Они находились у въезда в Санбурн, и остановиться им пришлось из-за
огромной надписи, белых загородок, какого-то сарая, набитого
размалеванными, как на сельском празднике, вещами.
Дженкинс, наверное, бывал тут раньше, потому что прислонился к машине
на самом солнцепеке и не тронулся с места. Кэли Джон, который лет
двадцать в Санбурне не был, нахмурился и с агрессивной подозрительностью
взглянул на хозяина сараюхи, - маленького толстяка с кирпичным лицом,
одетого, как в кино, - он им рукой показал на ограду. Там был турникет,
ящик вверху ограды для пожертвований посетителей.
Это место, которое Джон никогда не видел, было кладбищем убитых в
этих местах людей, то, что теперь называют Boothill graveyard.
Иначе говоря, кладбище тех, кто умер насильственной смертью. Останки
их свозили сюда понемногу отовсюду, потому что в те времена, когда они
были убиты, убийца ограничивался тем, что хоронил свою жертву на месте
преступления, и не для того, чтобы скрыть его, а для приличия.
На ровно выстроившихся в ряд крестах, как на военных кладбищах, были
разные имена, известные и незнакомые, включая имена убитых женщин и
детей, целых семей, уничтоженных апачами.
Нужно было только обернуться - и горы оказывались перед тобой, горы,
откуда сбегали тропы, по обочинам которых индейцы устраивали свои
засады.
В ту пору, когда Кэли Джон приехал сюда, спокойствие было почти
восстановлено. Апачи еще тут жили, но уроки, которые преподали им
шахтеры и ковбои, лишили их былой агрессивности.
Такой-то... Повешен 12 июня 1887.
Такой-то. Убит Мануэлем Б.
Такой-то... Убит...
Несколько имен из тех далеких времен. Немного. Он знал истории
револьверных выстрелов, судов линча, карательных экспедиций, но это
совсем не было похоже на то, что некоторые называли тогда "прекрасными
временами".
Машинально он читал имена, даты. 1908... 1911...

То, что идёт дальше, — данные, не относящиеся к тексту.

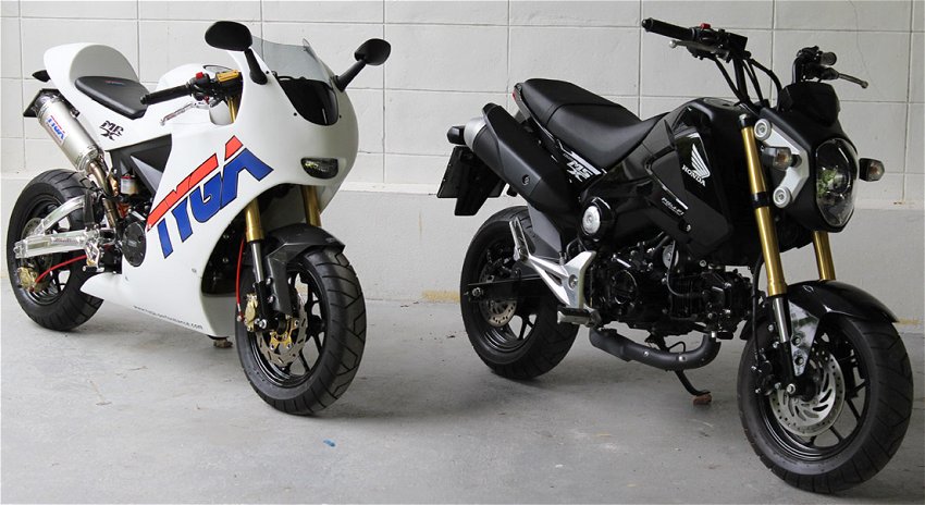 | A MRX with the fairing kit next to a standard MSX. |

Он знал стариков, кто в те времена, когда он здесь объявился, сумели
уже стать по большей части значительными людьми и ходили в черных
рединготах, светлых брюках и широкополых шляпах а-ля Дикий Запад. Они
снова оказались перед его внутренним взором, они сидели за столом для
фараона или рулетки у Малыша Гарри, не за теми столами, где затевали
потасовки пьяные или еще не совсем пьяные шахтеры, а за теми, что
оставляли для них специально и где золотые доллары возвышались перед
каждым ровными стопочками.
Что говорить - его жизнь началась тут, и он насупился, увидев на
последней могиле имя китайца, который был отцом его китайца, Чайна Кинга
- отец его долго держал маленький ресторанчик на открытом воздухе.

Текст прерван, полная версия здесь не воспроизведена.